What the exercise asks
Taking the listing below, restate word for word each line from the line with "This is a very" to the line with "Kartka pracy - liczby", ends included, and stop there.

Data section
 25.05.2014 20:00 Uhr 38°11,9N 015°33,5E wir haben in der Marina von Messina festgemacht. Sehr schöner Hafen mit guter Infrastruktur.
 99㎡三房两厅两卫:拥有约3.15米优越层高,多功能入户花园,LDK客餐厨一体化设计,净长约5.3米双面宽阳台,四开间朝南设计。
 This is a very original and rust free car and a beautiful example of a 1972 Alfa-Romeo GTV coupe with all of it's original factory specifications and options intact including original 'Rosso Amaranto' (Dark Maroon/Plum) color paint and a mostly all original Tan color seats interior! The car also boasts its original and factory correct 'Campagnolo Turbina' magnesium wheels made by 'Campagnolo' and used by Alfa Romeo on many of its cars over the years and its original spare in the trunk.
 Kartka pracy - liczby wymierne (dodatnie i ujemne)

* * *

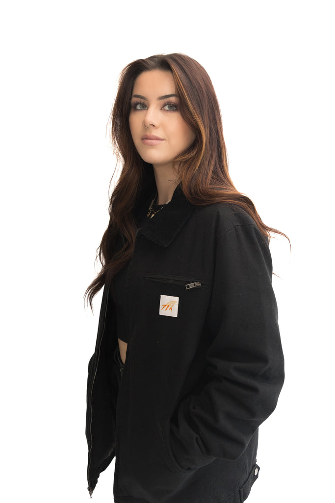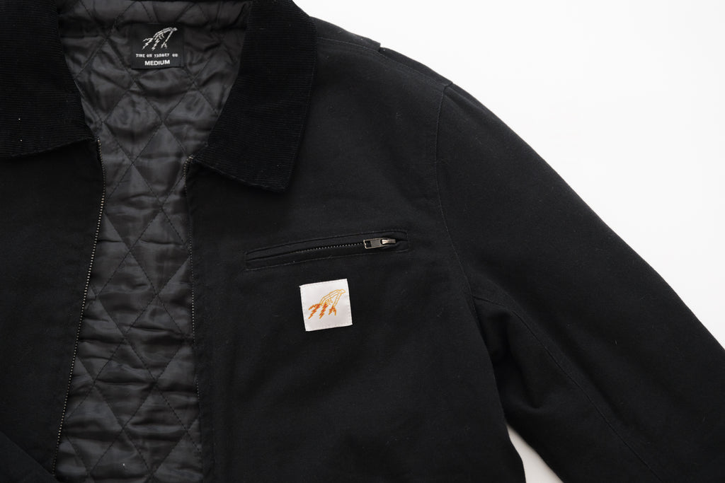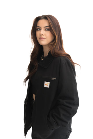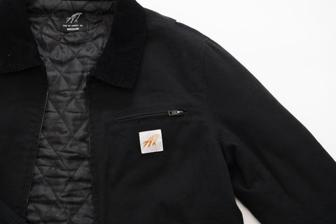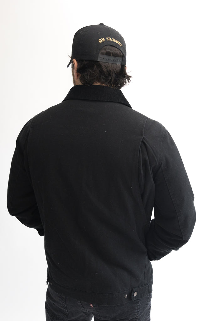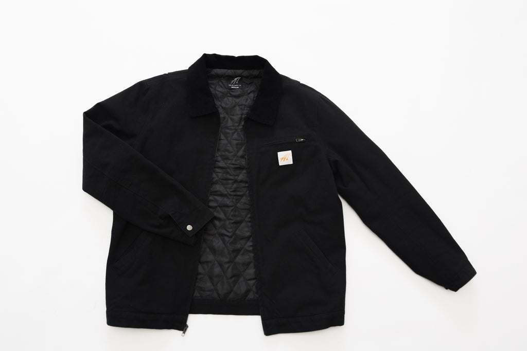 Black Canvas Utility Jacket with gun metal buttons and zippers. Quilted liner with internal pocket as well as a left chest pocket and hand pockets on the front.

Reply to the exercise
 This is a very original and rust free car and a beautiful example of a 1972 Alfa-Romeo GTV coupe with all of it's original factory specifications and options intact including original 'Rosso Amaranto' (Dark Maroon/Plum) color paint and a mostly all original Tan color seats interior! The car also boasts its original and factory correct 'Campagnolo Turbina' magnesium wheels made by 'Campagnolo' and used by Alfa Romeo on many of its cars over the years and its original spare in the trunk.
 Kartka pracy - liczby wymierne (dodatnie i ujemne)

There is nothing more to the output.